I like the size, ratings, specs, warranty, and price, but there are two things about them that concern me:

They're listed as Standard Touring while the *truck *tires seem to be listed as Highway Touring
They're white-wall

But, while they're not listed as truck tires per-se, I was looking at the specs and they're rated for 2194 lbs. @ 41 psi. That's more than the stock Generals.

And, I was thinking I could put the white-walls in and use Tire-Black (if that is still sold) or something similar on them.

What do ya'll think?


----------



## Gerald (May 23, 2005)

I am not an expert on tires so my opinion is just that, my opinion for whatever it is worth. I haul a lot of things in my truck and some of them pretty heavy.

In looking at the tread pattern on this tire it would not seem as well suited for my purposes as what is oem on our
trucks.

OkieScot


----------



## inyourface1650 (Oct 6, 2005)

The Touring A/S 795 is Kumho's Standard Touring All-Season tire developed to meet the needs of the drivers of *coupes, sedans and minivans* by blending long mileage and comfort with dry, wet and year-round traction, even in light snow. The Touring A/S 795 tires are intended to be one of Kumho's best values.
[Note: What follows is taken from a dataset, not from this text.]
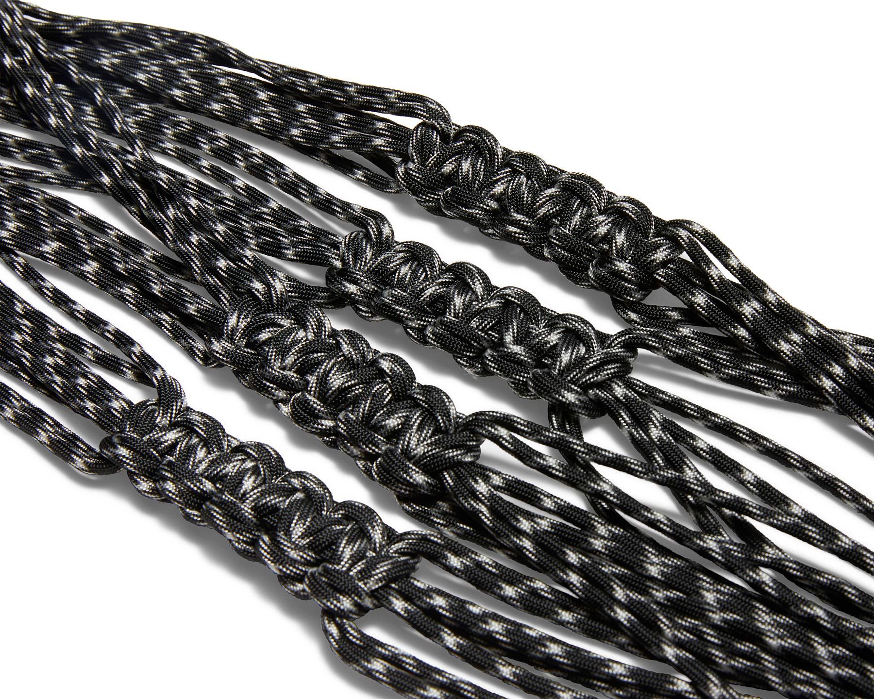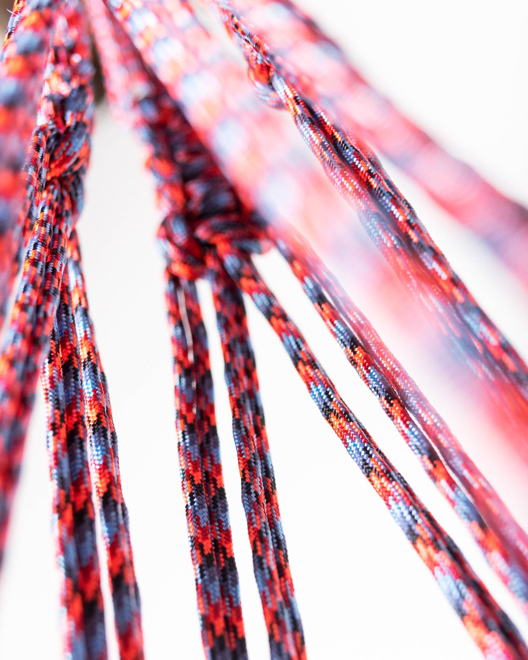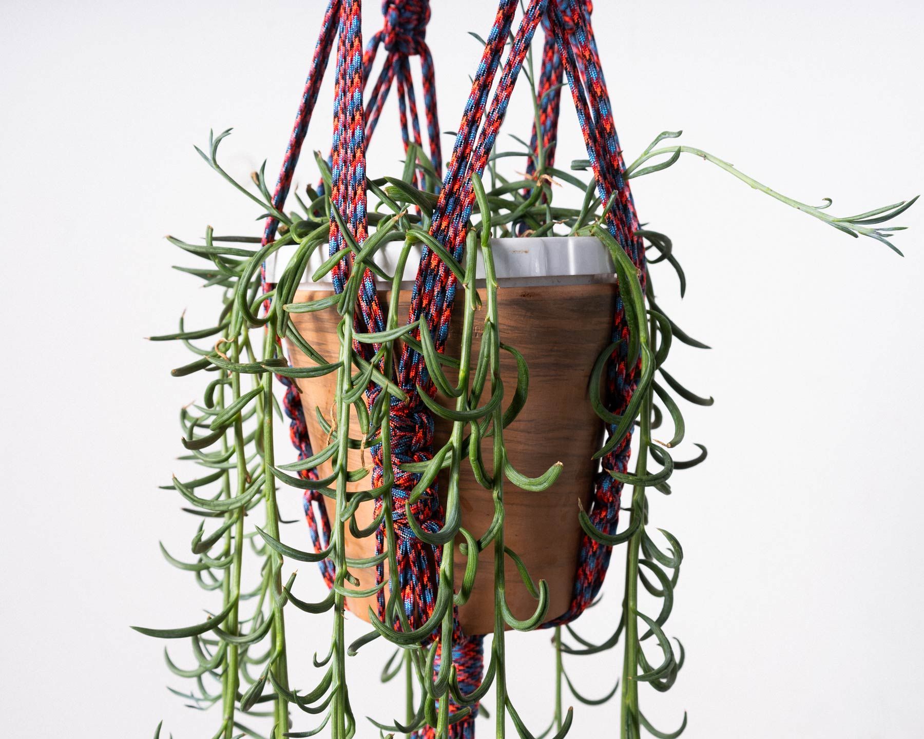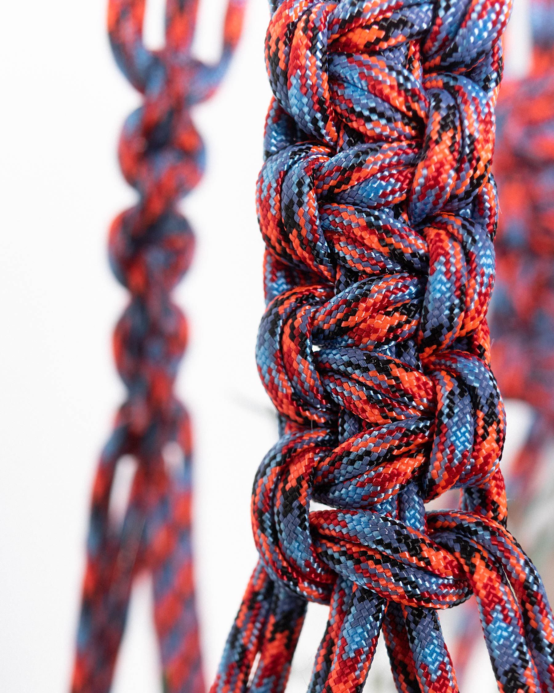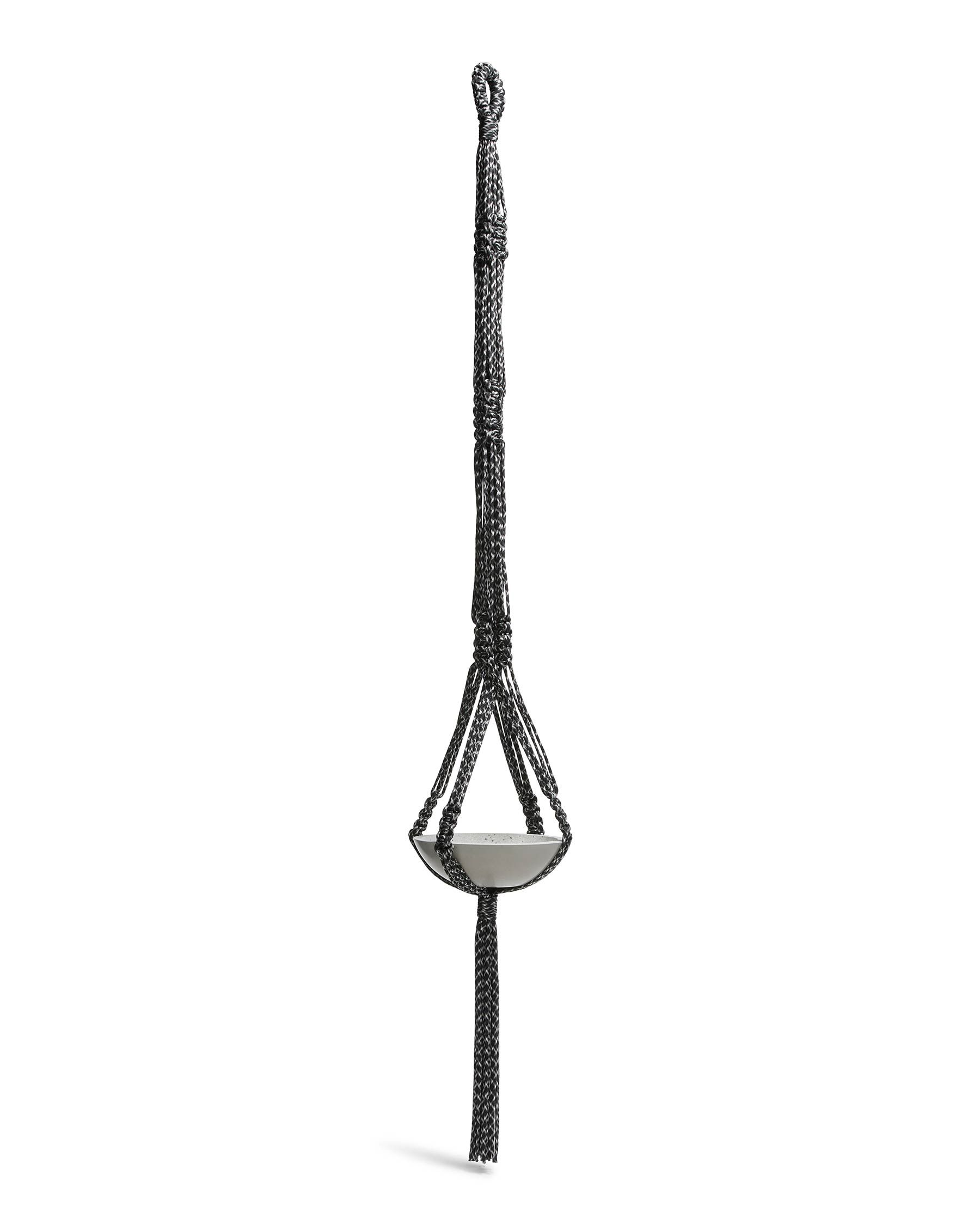 A macrame paracord plant hanger experiment. 250 feet of paracord cleanly knotted together to create a 57 inch long hanger good for pots around a foot in…

I dunno man, while the tires may be capable of handling that weight, they may not be designed to handle a big load for an extended period of time, like truck tires. That tread also loooks even less agressive then what my grabbers have stock...


----------



## jerryp58 (Jan 6, 2005)

inyourface1650 said:


> The Touring A/S 795 is Kumho's Standard Touring All-Season tire developed to meet the needs of the drivers of *coupes, sedans and minivans* by blending long mileage and comfort with dry, wet and year-round traction, even in light snow. The Touring A/S 795 tires are intended to be one of Kumho's best values.
> 
> I dunno man, while the tires may be capable of handling that weight, they may not be designed to handle a big load for an extended period of time, like truck tires. That tread also loooks even less agressive then what my grabbers have stock...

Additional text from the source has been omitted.